■ What is required
Quote the data exactly, first line to the line containing "ヒーロー風カッコイイあだ名 | 『究極戦士マユユハルベルト』 |", with no pictures.

■ Information shown
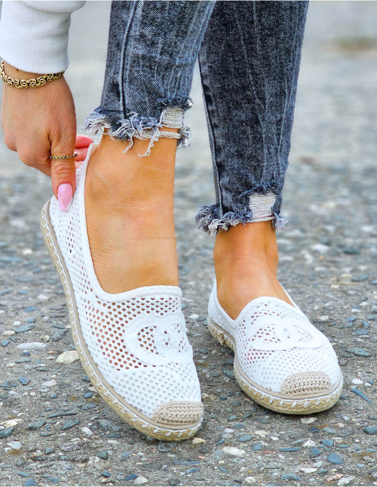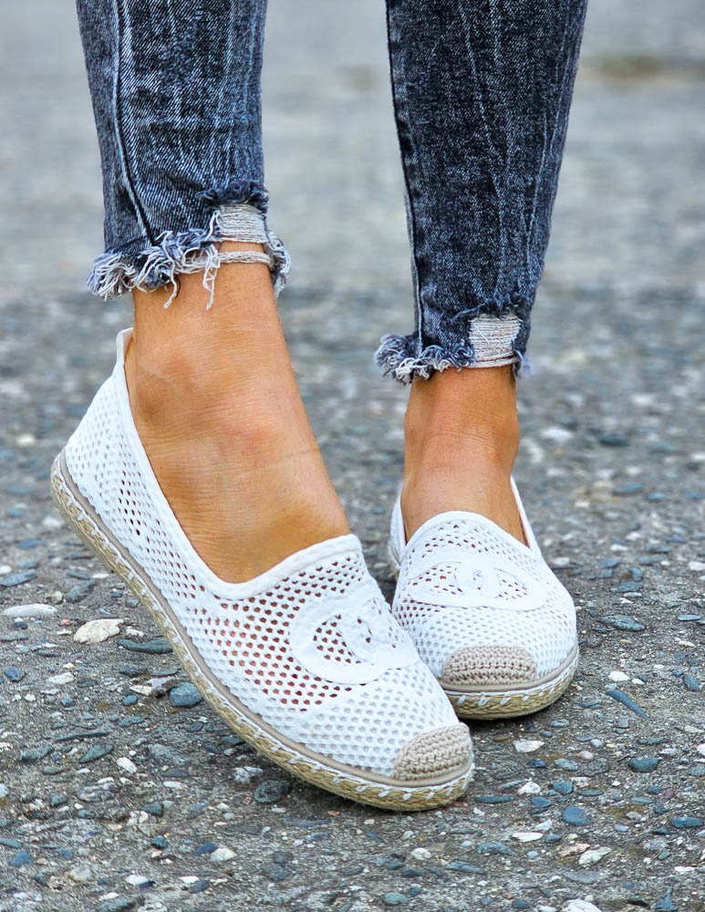 Białe Ażurowe Baleriny Espadryle Na Lato Nicol
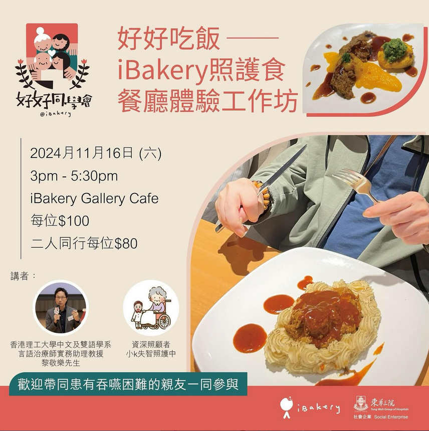 唔少照顧者帶同長者外出用膳時,往往都沒有合適食物,每次都要額外備餐。iBakery金鐘餐廳經過近半年研發,即將推出兩款全新照護食餐膳。今次活動,誠邀各位照顧者成為首批食客,率先試食、交流意見外,亦邀請言語治療師及資深照顧者 小K失智照護中,分別講解吞嚥困難知識,以及分享平日外出用餐的經驗及心得。
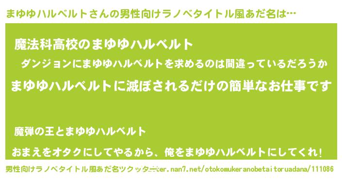 | ヒーロー風カッコイイあだ名 | 『究極戦士マユユハルベルト』 |
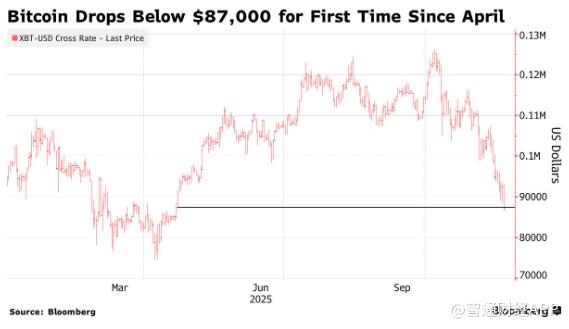 Group 1 - The cryptocurrency market continues to weaken, extending a decline that has lasted over a month, with Bitcoin dropping over 4% and falling below $87,000 for the first time since April [1] - Large-scale selling by whales, based on the "four-year cycle theory," has led to over $20 billion in sell-offs since September, contributing to the current price decline [2] - The recent downturn in Bitcoin is closely linked to a significant "forced liquidation wave" in October, where over $19 billion in leveraged positions were liquidated, severely impacting market momentum and liquidity [2] Group 2 - The macroeconomic uncertainty is exacerbating market tension, with unclear Federal Reserve policy paths suppressing investor risk appetite, particularly in high-risk assets [3] - The options market is focusing on key support levels, with strong demand for protection around $85,000 and $82,000, indicating traders are preparing for further declines [2] - The cryptocurrency market is experiencing a "cross-asset divergence," with the volatility in the stock market, particularly related to AI valuations and Federal Reserve interest rate expectations, contrasting with the ongoing deleveraging and declining retail demand in the crypto space [2]

■ Exercise solution
 Białe Ażurowe Baleriny Espadryle Na Lato Nicol
 唔少照顧者帶同長者外出用膳時,往往都沒有合適食物,每次都要額外備餐。iBakery金鐘餐廳經過近半年研發,即將推出兩款全新照護食餐膳。今次活動,誠邀各位照顧者成為首批食客,率先試食、交流意見外,亦邀請言語治療師及資深照顧者 小K失智照護中,分別講解吞嚥困難知識,以及分享平日外出用餐的經驗及心得。
 | ヒーロー風カッコイイあだ名 | 『究極戦士マユユハルベルト』 |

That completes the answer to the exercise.